In Supplementary Figure S1, the effect of UV cross-linking is clearly visible when looking at the absorption bands in the IR spectra. There are several wavenumber regions where the effect of UV cross-linking is clearly visible. Of most importance is the peak of maximum absorbance of the non-cross-linked silicone oil reference spectra that is located at 1111 cm⁻¹ with a broad shoulder around 1040 cm⁻¹. It can be assigned as an asymmetric Si-O stretching vibration. By UV irradiation, the maximum absorbance is typically shifting to higher wavenumbers. At the same time the shoulder decreases in intensity. A further peak of relevance of the non-cross-linked silicone oil can be seen at 1268 cm⁻¹, which is assigned as symmetric bending vibration δs(CH₃) of the methyl groups attached to Si. By UV irradiation, the symmetric bending vibration is shifted towards 1280 cm⁻¹. Additionally, the band absorbance decreases in intensity. The shift of the δs(CH₃) vibration indicates a change in the structural unit from -O-Si(CH₃)₂-O- to -O-Si(CH₃)(O-)₂ caused by cross-linkage of chains as well as by the replacement of methyl by hydroxyl groups. All observed changes in the spectra are in agreement with the data found in the literature, where further details on the different behaviours of the absorption bands can be found [27,28,29,36,37]

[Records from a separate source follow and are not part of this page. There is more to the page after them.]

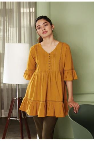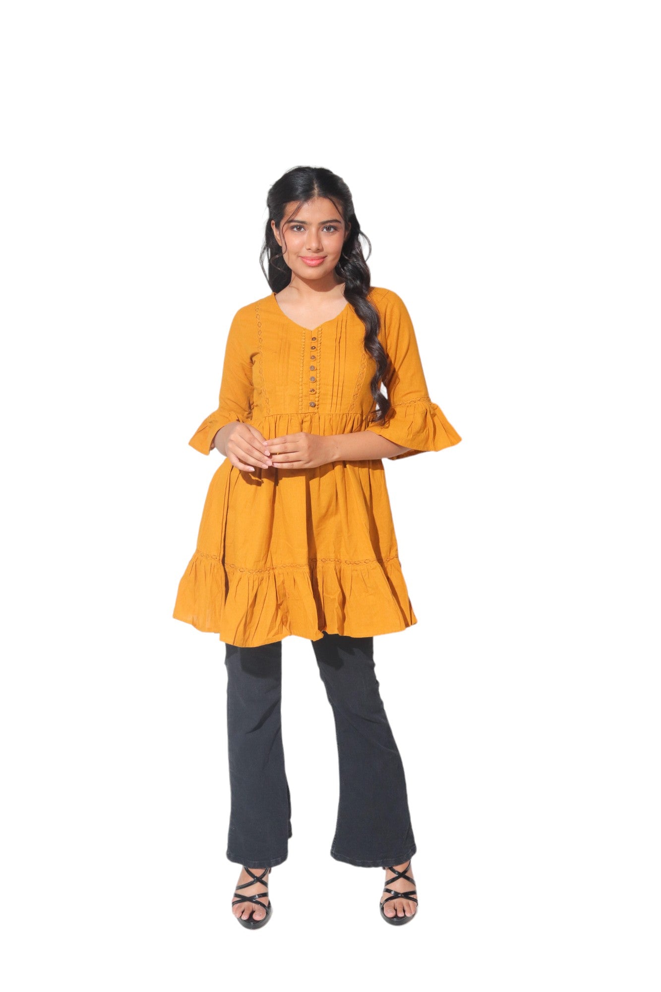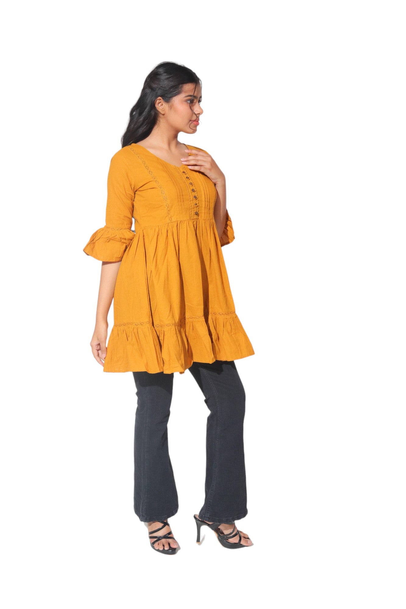 Brighten your wardrobe with the Kinnko Mustard Cotton Flex Embellished Gathered Tunic Top. Crafted from breathable cotton flex, this top offers a vibrant mustard hue that's perfect for adding a pop of color to your outfits. The embellished detailing adds a touch of sophistication, while the gathered design creates a flattering, flowy silhouette. Ideal for both casual and semi-formal occasions, this tunic top pairs effortlessly with jeans or leggings. Embrace comfort and style with Kinnko’s exquisite tunic, where contemporary design meets timeless elegance.
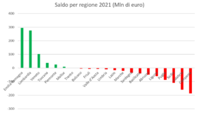 Il fenomeno dell’esodo da Sud a Nord per curarsi non si arresta. Sono ben 14 le regioni che hanno infatti saldi negativi. Fanalini di coda sono la Campania che nel 2021 registra un saldo negativo di 185,7 mln. A seguire la Calabria (-159,5 mln), la Sicilia (-109,6 mln), la Puglia (-87,6 mln), la Liguria (-60,7 mln), l’Abruzzo (-49,5 mln), la Basilicata (-40,3 mln), la Sardegna (-34,4 mln), le Marche (-21,1 mln), l’Umbria (-9,8 mln), la Valle d’Aosta (-7,1 mln), il Friuli Venezia Giulia (-6,8 mln), la Pa di Bolzano (-4,3 mln) e la Pa di Trento (-0,03 mln). In attivo a guadagnarci di più dalla mobilità è nel 2021 l’Emilia Romagna che scalza la Lombardia dal vertice con un saldo attivo di 293,9 mln. Lombardia che segue con un +274,9 mln. In attivo anche il Veneto (+102 mln), la Toscana (+38,1 mln), il Lazio (+34,2 mln), il Piemonte (24,8 mln) e il Molise (+8,7 mln).
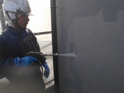 高圧洗浄で汚れをきれいに洗い流していきます。
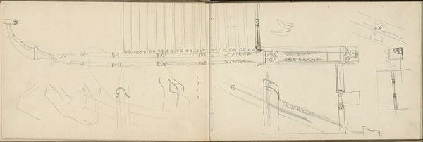 Curator: Carel Adolph Lion Cachet created this pen and pencil drawing, “Kerktoren en interieurontwerpen,” around 1905. Currently, it resides within the Rijksmuseum's collection. Editor: My initial impression is that these are exploratory sketches—ideas captured in the moment. The thin lines feel tentative, giving it an intimate, almost secretive quality, like peeking into the artist’s notebook. Curator: Indeed. Cachet was known for his role in the Dutch Art Nouveau movement, and his work extended into areas like graphic design and textile art. This sketch offers insights into his process and architectural interests, perhaps for a larger, unrealized commission. It shows the merging of external landscapes and internal designs. How do you interpret this interplay, conceptually? Editor: I see a reflection of early 20th-century tensions between tradition and modernity. The church tower symbolizes established power and social structures, while the interior sketches hint at evolving aesthetic values—a push for innovative and inclusive spaces. I'm thinking about how buildings embody ideology. Curator: That’s astute. Considering the social role of churches then and Cachet’s aesthetic leanings, this duality is indeed telling. He worked at a time when debates around the function of public spaces and their ability to uplift or exclude were intensifying, right? The art world grappled with how design could reflect societal reforms. Editor: Precisely. There’s a fascinating tension in using such a traditional subject, a church, as a jumping-off point for exploring innovative design. Was he subverting the status quo, or attempting to reconcile tradition with progress? The sketches feel open-ended, resisting a definitive answer, in that way becoming more powerful for the observer. Curator: These sketches grant a privileged, vulnerable glimpse into the development of an artist's design process. Editor: This exercise has reminded me that we all should challenge the status quo and not be afraid of tension!
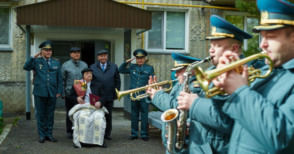 98 جاستاعى مايدانگەردىڭ ءۇيىنىڭ الدىندا ەسەپتىك توپ ساپتىق شەرۋمەن ءجۇرىپ ءوتتى. ولاردى اسكەري وركەستر سۇيەمەلدەدى. مايداندا تانكيست بولعان قاريا جاستارعا سوعىس جىلدارىنىڭ سۇراپىل تۇستارىن ايتىپ بەردى.
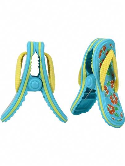SHEIN 1 件/2 件人字拖沙滩巾夹适用于椅子特大号塑料衣夹适用于泳池躺椅安全夹适用于沙滩椅 - 彩色 - 查看 2
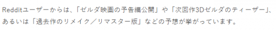 ·玩家太乱的几个策划包括公开塞尔达电影的新预告?”、全新3D塞尔达大作的预告?”、经典塞尔达游戏的重制版?”等等。

Looking at the low surface energy of 21–35 mN/m and the high water contact angle of above 90° for the LightPLAS coating, the XPS elemental composition seems confusing because of the low amount of carbon detected. According to the XPS analysis, the surface should have a more hydrophilic character than the non-grafted coating. One possible reason may be the depth of information in the XPS analysis, which is about 10 nm, and its sensitivity decreases exponentially with depth. The XPS measurement registers, at least proportionally, the properties of the ungrafted coating, whose water contact angle, with values below 10°, is much more consistent with the elemental analysis. In contrast, the water droplet responds only to the interfacial properties of the coating, which are determined by the grafting. A detailed analysis suggests that grafting has deposited an additional layer with an average thickness of about 1 nm. Due to the small thickness compared to the LightPLAS coating with more than 300 nm, it is not expected that the grafting produces a significant change in the IR spectrum, as the results of the IRRAS analysis always correspond to an average over the whole layer. However, a detailed characterization of the grafting is necessary to understanding the interaction in detail. As shown, this property is maintained when the presence of air in the immediate vicinity of the grafted surface can be excluded during gamma irradiation. This result has implications for the future treatment of implant surfaces during gamma sterilization. Due to the low surface energy, the LightPLAS coating is defined as hydrophobic. Instead, hydrophilic surface properties are known to be required for increased bonding between biological cells and implant material [38]. Corresponding evidence regarding protein adsorption and cell adhesion can be found increasingly in the literature [39,40,41]. For example, a chitosan coating shows a water contact angle of 76.4°, and an uncoated titanium plate around 32.2° [42]. Plasma-treated samples with contact angles below 10° show potential to promote osteoblast attachment [40]. Furthermore, time-dependent effects reducing the surface energy are reported as disadvantageous for osseointegration [42,43]. In conclusion, high contact angles or low surface energies are unsuitable for optimized protein adhesion as they suggest the potential for reduced cell adhesion instead.

A biocompatibility test was performed to evaluate the suitability of the modified surfaces for clinical use. Both the coated and unmodified medical steel plates showed no evidence of cytotoxicity. All cell viabilities observed were above 70%, which is defined as biocompatible according to DIN EN ISO 10993-5.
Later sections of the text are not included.